Creating a cohort / multisample VCF

[kvn95ss]

Hello,

We have ~100 samples for which we would like to call mitochondrial variants. The cohort contains a mix of related and unrelated samples. We would like to know the recommended way to call variants for all samples in the cohort.

For ex, a trio was used for test example, so I'm not sure if combining data that way would be feasible for our data.

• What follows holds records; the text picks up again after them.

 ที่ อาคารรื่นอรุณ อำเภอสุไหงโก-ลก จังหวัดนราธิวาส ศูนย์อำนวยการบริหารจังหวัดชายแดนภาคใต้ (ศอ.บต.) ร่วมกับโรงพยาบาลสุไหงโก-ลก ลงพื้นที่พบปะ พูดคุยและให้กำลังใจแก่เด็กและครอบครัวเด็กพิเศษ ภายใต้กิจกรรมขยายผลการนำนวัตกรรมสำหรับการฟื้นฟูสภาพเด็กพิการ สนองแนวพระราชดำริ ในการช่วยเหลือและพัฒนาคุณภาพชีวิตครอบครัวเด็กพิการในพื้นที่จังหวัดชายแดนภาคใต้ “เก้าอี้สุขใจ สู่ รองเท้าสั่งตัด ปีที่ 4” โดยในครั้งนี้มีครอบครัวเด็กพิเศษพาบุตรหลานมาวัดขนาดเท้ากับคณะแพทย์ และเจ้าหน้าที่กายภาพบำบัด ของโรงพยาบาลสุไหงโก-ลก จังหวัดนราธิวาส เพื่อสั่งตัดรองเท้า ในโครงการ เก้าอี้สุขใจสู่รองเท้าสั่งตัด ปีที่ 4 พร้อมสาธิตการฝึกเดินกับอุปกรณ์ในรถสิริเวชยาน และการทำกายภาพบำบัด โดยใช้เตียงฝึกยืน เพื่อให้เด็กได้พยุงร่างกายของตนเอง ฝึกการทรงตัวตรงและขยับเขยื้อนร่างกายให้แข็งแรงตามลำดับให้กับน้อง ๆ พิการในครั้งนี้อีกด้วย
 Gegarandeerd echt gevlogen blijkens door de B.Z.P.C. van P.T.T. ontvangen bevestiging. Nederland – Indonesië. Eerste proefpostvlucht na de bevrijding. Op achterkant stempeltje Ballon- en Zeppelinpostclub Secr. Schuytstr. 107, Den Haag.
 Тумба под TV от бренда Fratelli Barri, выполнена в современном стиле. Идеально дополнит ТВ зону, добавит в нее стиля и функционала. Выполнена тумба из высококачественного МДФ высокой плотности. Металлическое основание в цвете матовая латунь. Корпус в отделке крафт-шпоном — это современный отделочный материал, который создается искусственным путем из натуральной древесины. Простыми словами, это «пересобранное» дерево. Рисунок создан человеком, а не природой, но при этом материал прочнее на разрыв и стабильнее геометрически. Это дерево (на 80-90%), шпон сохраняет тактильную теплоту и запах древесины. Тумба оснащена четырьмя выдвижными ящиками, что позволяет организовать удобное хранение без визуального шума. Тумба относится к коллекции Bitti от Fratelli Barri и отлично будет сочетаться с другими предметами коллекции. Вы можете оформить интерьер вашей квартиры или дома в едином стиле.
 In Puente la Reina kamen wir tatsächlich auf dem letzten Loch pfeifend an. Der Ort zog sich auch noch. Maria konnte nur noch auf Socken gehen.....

Or, would it be better to mity call + normalize the variants separately for each sample, merging the vcfs, then using mity report to annotate the variants?

[kvn95ss]

UPDATE - I tried to run mity call with all the bam files, but got this error -

Calling mitochondrial variants
Running FreeBayes in sensitive mode
No variants in VCF with specified chromosome/s
Writing normalised vcf: cohort_output/all_cohort_chrM.mity.vcf.gz

And the vcf file was empty with no variants. Looks like merging VCFs might be better option :/

[kvn95ss]

I tried to combine the vcfs with bcftools merge and ran into this error -

mity 0.3.0
Generating mity report
Traceback (most recent call last):
  File "/root/scripts/mity", line 29, in <module>
    args.func(args)
  File "/root/scripts/mitylib/commands.py", line 160, in _cmd_report
    report.do_report(args.vcf, args.prefix, args.min_vaf, args.out_folder_path)
  File "/root/scripts/mitylib/report.py", line 494, in do_report
    min_vaf)
  File "/root/scripts/mitylib/report.py", line 180, in make_table
    if float(FORMAT_VAF) > float(min_vaf):
ValueError: could not convert string to float: '.'

Any leads appreciated, thanks!

[drmjc]

Hi,
I've never tried a huge cohort, as we usually ran mity for probands or trios. So my first recommendation is to run the related samples together in batches, with normalize and report for each family.

If the VCF is empty, my first suggestion is to look at which --reference was used and that this matches the MT chromosome name in the BAM, see https://github.com/KCCG/mity#human

The most recent error message looks like a variant in the VCF has '.' for the AD or DP value. This likely arose from running bcftools merge in the middle of the toolchain which is not supported. Thanks for the report, we could add some code that checks for this and at least allows the valid variants to be analysed.

[kvn95ss]

Hay!

Thanks for the reply. We wanted to have a broad, sweeping look at all mitochondrial variants, so for now I have ran mity for individual samples, then merged the excels using pandas. Admittedly it is hacky-slashy way to go about it and lack of allele counts is a major drawback.

The reference we are using is correct, as for individual samples it works with no issues.

I did use bcftools merge just as a blind shot, but if multi-sample vcfs are supported in report it would be great.